Below is the error spark_DF.write.save(format="com.vertica.spark.datasource.DefaultSource", mode="append", opts) 19/12/04 14:52:00 ERROR s2v.S2V: Failed to save DataFrame to Vertica table: est_vertica Traceback (most recent call last): File "", line 1, in File "/opt/cloudera/parcels/SPARK2-2.3.0.cloudera3-1.cdh5.13.3.p0.458809/lib/spark2/python/pyspark/sql/readwriter.py", line 703, in save self._jwrite.save() File "/opt/cloudera/parcels/SPARK2-2.3.0.cloudera3-1.cdh5.13.3.p0.458809/lib/spark2/python/lib/py4j-0.10.7-src.zip/py4j/java_gateway.py", line 1257, in call File "/opt/cloudera/parcels/SPARK2-2.3.0.cloudera3-1.cdh5.13.3.p0.458809/lib/spark2/python/pyspark/sql/utils.py", line 63, in deco return f(*a, **kw) File "/opt/cloudera/parcels/SPARK2-2.3.0.cloudera3-1.cdh5.13.3.p0.458809/lib/spark2/python/lib/py4j-0.10.7-src.zip/py4j/protocol.py", line 328, in get_return_value py4j.protocol.Py4JJavaError: An error occurred while calling o85.save.

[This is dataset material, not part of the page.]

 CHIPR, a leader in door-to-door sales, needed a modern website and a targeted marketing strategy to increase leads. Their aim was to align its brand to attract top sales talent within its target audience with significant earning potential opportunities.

java.lang.Exception: S2V: FATAL ERROR for job S2V_job2702546586973782764. Job status information is available in the Vertica table S2V_JOB_STATUS_USER. Unable to create/insert into target table FRR.test_vertica with SaveMode: Append. ERROR MESSAGE: ERROR: java.sql.SQLException: [Vertica]VJDBC ERROR: Failed to glob [hdfs:/x/y/tmp/vertica/S2V_job2702546586973782764/*.orc] because of error: Could not connect to [hdfs://x]
Answers
Check the last line: Could not connect to [hdfs://x]

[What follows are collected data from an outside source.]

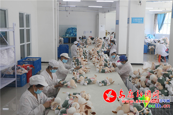 玩具廠還吸納了11名男性村民投身毛絨玩具生產加工。中國青年網記者 張博 攝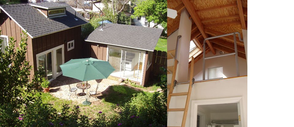 The design separates the enclosed area into two small structures; a living/ sleeping pavilion, and a separate kitchen. With the steeply sloped hillside they enclose an outdoor living room.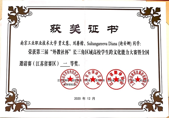 12月8日,第三届“外教社杯”长三角区域高校学生跨文化能力大赛比赛省赛评审工作在东南大学九龙湖校区举行,公共基础课部和国际教育学院选派了刘赓楷(2019级机械制造与自动化专业)、贾文慧(2020级国际贸易专业)和Sultangareeva Diana迪安娜(留(2019秋)国际贸易专业)等三名选手组成比赛团队,近日大赛结果公布并颁发证书,必赢官网学生团队喜获大赛一等奖。公共基础课部大学英语教研室张卉和国际教育学院孙世娟两位老师荣获“优秀指导教师”称号。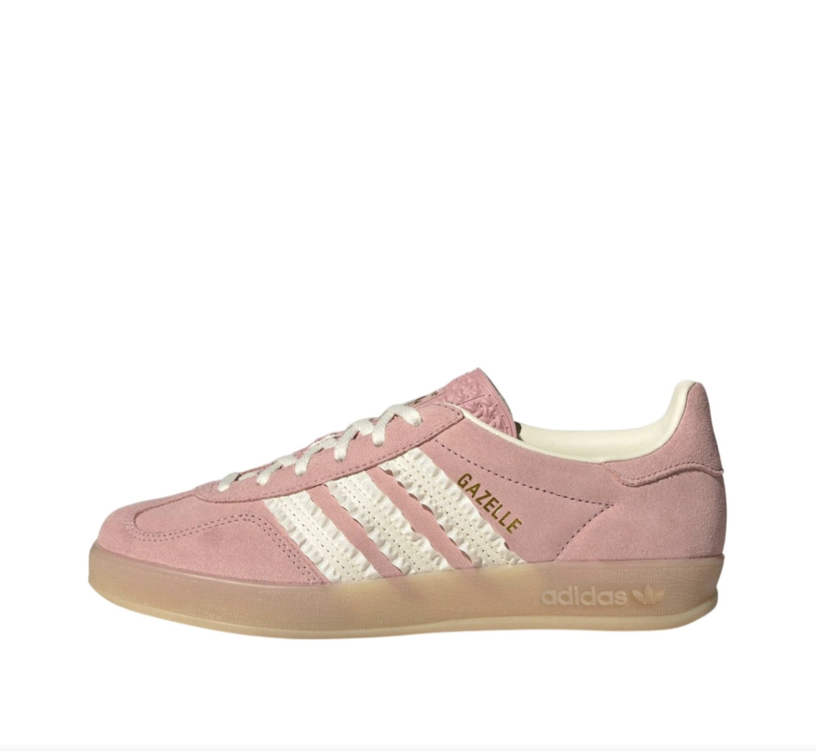 Adidas Gazelle Indoor Wonder Mauve [JS1413] được chế tác từ chất liệu da lộn mềm mại màu hồng pastel, kết hợp lớp lót da trắng Crew White cao cấp. Ba sọc đặc trưng của Adidas được làm bằng satin có viền frill nhẹ, tạo điểm nhấn nữ tính hiếm thấy trong các thiết kế Gazelle truyền thống. Đế ngoài bằng cao su gum 3 màu vàng nhạt, vừa cổ điển vừa tăng độ bám sàn hiệu quả. Logo vàng ánh kim ở lưỡi gà và bên hông giày hoàn thiện vẻ ngoài sang trọng và thời thượng.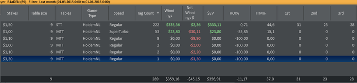 Подведем итоги марта Задачи которые ставил перед собой на этот месяц я выполнил -играть строго по банкроллу - в начале месяца я играл 180 макс по $1 и со временем полностью переключился на 9 макс за $1.5 -перейти на игру в 8 турниров одновременно - под конец месяца я полностью перешел на сессии по 8 подгруженных турниров -отыграть минимум 200 турниров, количество меньше чем в феврале, но обязательно следовать установленному распорядку (играть по 1 сету турниров в понедельник, среду, пятницу и полноценную сессию в субботу) - я перевыполнил этот пункт в первую очередь из-за перехода на 9макс турниры которые и набираются живее и проходят значительно меньше по времени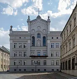 Das barocke Gebäude liegt an der Ostseite des Rings und wurde zwischen 1669 und 1679 verbaut. Architekt war P. Schüller aus Olmütz. Das dreigeschossige Gebäude besitzt einen Grundriss in Form eines lateinischen E. Die Ausgestaltungen der Aula und des Bibliotheksaals stammen etwa von 1680.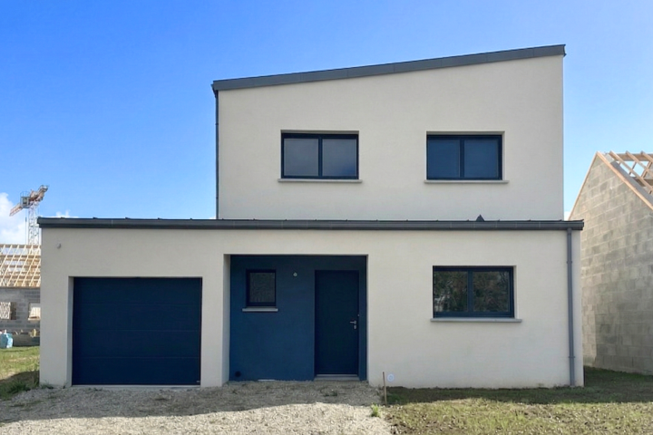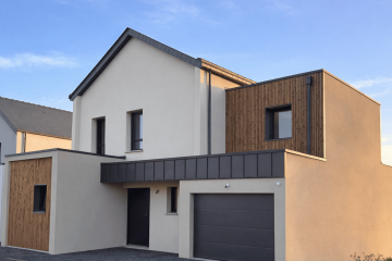 Maison sur-mesure 103 m² à Breal-sous-Montfort – 4 chambres, pièce de vie 40 m², garage intégré & toiture zinc quartz contemporaine

Check the doc page "Verifying HDFS Configuration":
https://www.vertica.com/docs/9.2.x/HTML/Content/Authoring/HadoopIntegrationGuide/Kerberos/Verifying.htm
@Prakhar84, what became of the checking of the connectivity between Vertica & HDFS?
This is not working ,even Shruthi mentioned in other post that it wont work with kerberosed..it that can work then it will be ideal
SELECT KERBEROS_CONFIG_CHECK();
ok: krb5 exists at [/etc/krb5.conf]
ok: Vertica Keytab file is set to [/opt/vertica/config/vertica2.kt]
ok: Vertica Keytab file exists at [/opt/vertica/config/vertica2.kt]
Kerberos configuration parameters set in the database
KerberosServiceName : [vertica]
KerberosHostname : [db.intlb.org.net]
KerberosRealm : [QA.org.NET]
KerberosKeytabFile : [/opt/vertica/config/vertica2.kt]
Vertica Principal: [vertica/db.intlb.org.net@QA.org.NET]
ok: Vertica can kinit using keytab file
SELECT HDFS_CLUSTER_CONFIG_CHECK();
Validation Success
v_x_node0001: HadoopConfDir [/catalog/x//hadoop-wcc-conf] is valid
v_x_node0002: HadoopConfDir [/catalog/x//hadoop-wcc-conf] is valid
v_x_node0003: HadoopConfDir [/catalog/x//hadoop-wcc-conf] is valid
Shruthi said:we officially dont support kerberos authentication yet with Spark Connector yet.
You might be able to embed additional Kerberos or SSL/TLS parameters into the JDBC URL as follows:
finaldf.write.format("com.vertica.spark.datasource.DefaultSource").options(table="schema.table", db="Analytics?ssl=true", user="vertica",password="****",host="vertica.etlnodes.com" ).mode("append").save()
You should be able to append multiple parameters like a HTTP URL by separating with "&". However, you'll still need to get a Kerberos login on every Spark node, I think.